Last updated 11/26/2006

Overview

Weird Worlds has a robust particle effects system that is used for all the flashy special effects in the game, from weapon muzzle flashes to ship explosions to supernovas. This tutorial will provide a couple of examples of these effects and explain how they work.

There are two main places where you'll find particle effects: the effects.ini in the main gamedata folder, and the .ini files of items that require special effects (weapons and shields).

New: Mods can now include new global special effects in files besides effects.ini, for example effects_ravian.ini. These need to be declared in game.ini.

Global effects

Global particle effects are defined in effects.ini and additional effects files placed in the gamedata folder and declared in game.ini. The ones in effects.ini are universal stuff... Exploding starships, supernovas and so on. If you want to change these, copy the file into your mod's gamedata folder, open it up in your favorite text editor and have a look.

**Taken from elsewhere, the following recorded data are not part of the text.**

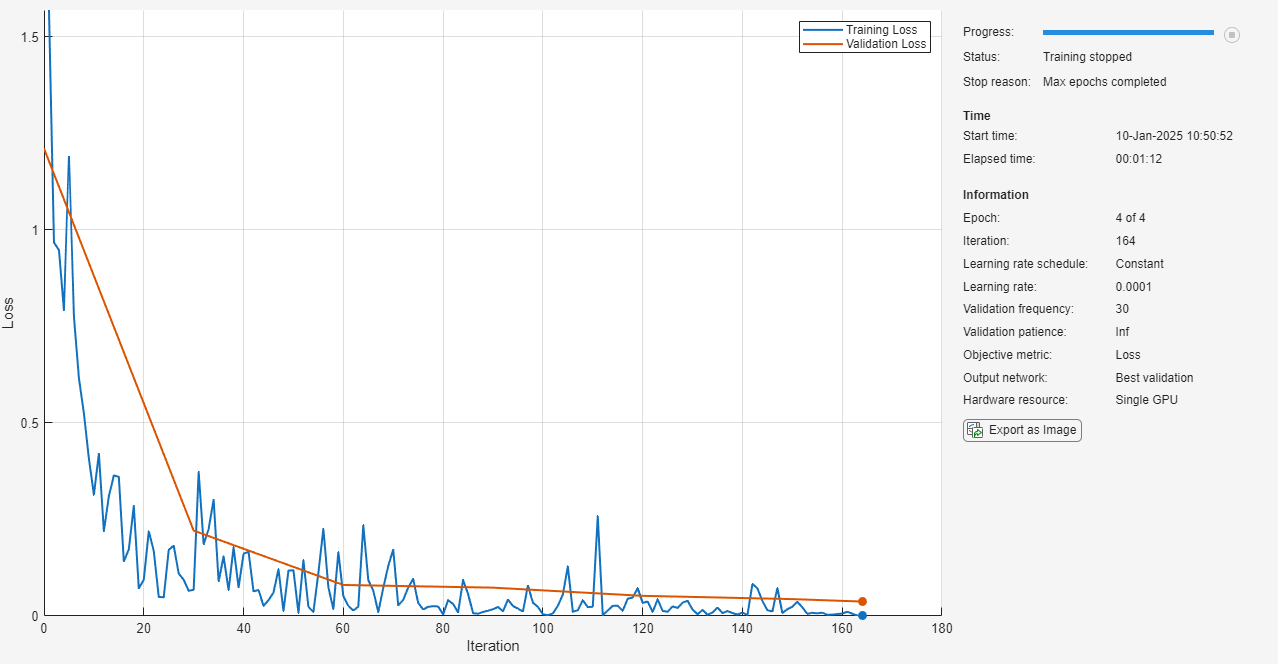 When you train the network multiple times, you might see some variation in accuracy between trainings, but the average accuracy should be around 98%. Even though the training set is quite small, this example benefits from transfer learning and achieves good accuracy.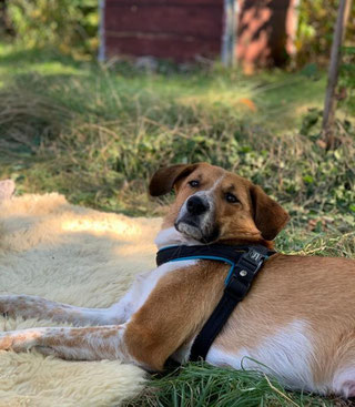 Sie ist aktiv, ziemlich sogar. Sie rennt gerne, ist beim Spiel mit ihren Artgenossen am liebsten mittendrin. Besonders angetan ist sie von Adora und Taco. Die drei sind quasi beste Freunde, aber auch die anderen Hunde im Rudel werden ins Spiel einbezogen. Hauptsache Bewegung, Spaß und Aktion. Hier bekommt man ein fröhliches Powerpaket mit den besten Voraussetzungen. Bei ihr ist vieles denkbar: Sie könnte Zweithund sein, eine treue Begleiterin beim Wandern oder Joggen; auch Agility könnten wir uns für sie vorstellen. Nur ein Couch-Potato ist sie ganz bestimmt nicht.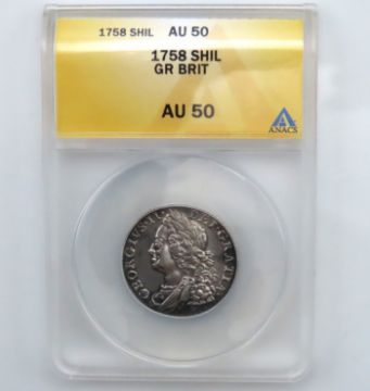 A graded 1758 George II silver shilling, grade AU50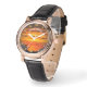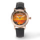 Pintura de la colección "Sunset Plaza Marina 2584" Haga un seguimiento del tiempo con un reloj Rosa de oro de personalizados Damas de EwatchFactory®. Este reloj femenino es de aleación con un acabado combinado pulido y cepillado reforzado por una correa de cuero. Personalice en la página del producto o haga clic en el botón "Personalizar" para obtener más opciones de diseño. El diseño creado a partir de mi pintura "Sunset Plaza Marina 2584" capta una vibrante puesta de sol con ramas de colores naranjas y rojos que llenan el cielo, enmarcado por vegetación de silueta y plantas florecientes en primer plano. Los colores brillantes del cielo contrastan dramáticamente con los contornos oscuros del paisaje, creando una escena serena pero dramática. Los productos coincidentes están disponibles en esta colección.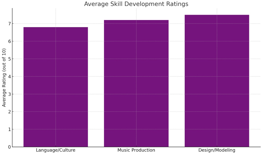 - Balanced skill development: Students reported relatively balanced improvement across language/culture, music production, and design/modeling, with design/modeling slightly higher.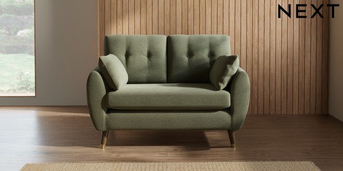 7.2.10 Wilson Buttoned Back 2 Seater Small Sofa Ripple Chenille Mid Moss Green Low Retro Tapered Metal Cap - Mid | Made Click here to use our website with more accessibility support, for example screen readers

In the file, you'll see a number of "EMIT" entries. These are particle emitters. Each one describes what kind of particles to shoot, which way and how fast. You will notice that occasionally there's more than one with the same name (up to 4). All of those emitters are used at the same time, as is the case with the supernova explosion. There are certain rules for each global effect which we'll cover after looking at this example; behold, the flames that shoot out of a burning ship!

EMIT flamejet
This line gives the particle emitter a name. Any emitter with the name "flamejet" will be used when a ship is on fire. These particles will come out of the visible hardpoints on the ship's hull. See the Starship tutorial on more information about those.

REFR entity
This is the reference location for the particle emitter. When it comes to global effects this has generally no meaning, it's just there to make the emitter entry complete. Maybe I'll do a weapon effect example later, where the reference actually matters (you'll specify whether it's at the muzzle of the gun, or when the weapon impacts something etc).

FILE combat/particle.tga
ANIM 32 32 0

This is the particle's graphic and its animation settings. The numbers are the start and end frames of the animation, and the framerate in frames per second (in this case it's only using one frame so the rate can be set to zero). You'll notice in some cases the framerate is set to -1; this causes the animation to last exactly as long as the lifetime of the particle (like an animated explosion for example). If it's set to -2, a random frame between the start and end is picked but the particle doesn't animate. This is used for the random debris pieces.

When you make new particle sprites, you should put as many of them as possible on one new "sheet" and use the frame numbers to pick which sprite you're using. You should not add them onto the original particle.tga.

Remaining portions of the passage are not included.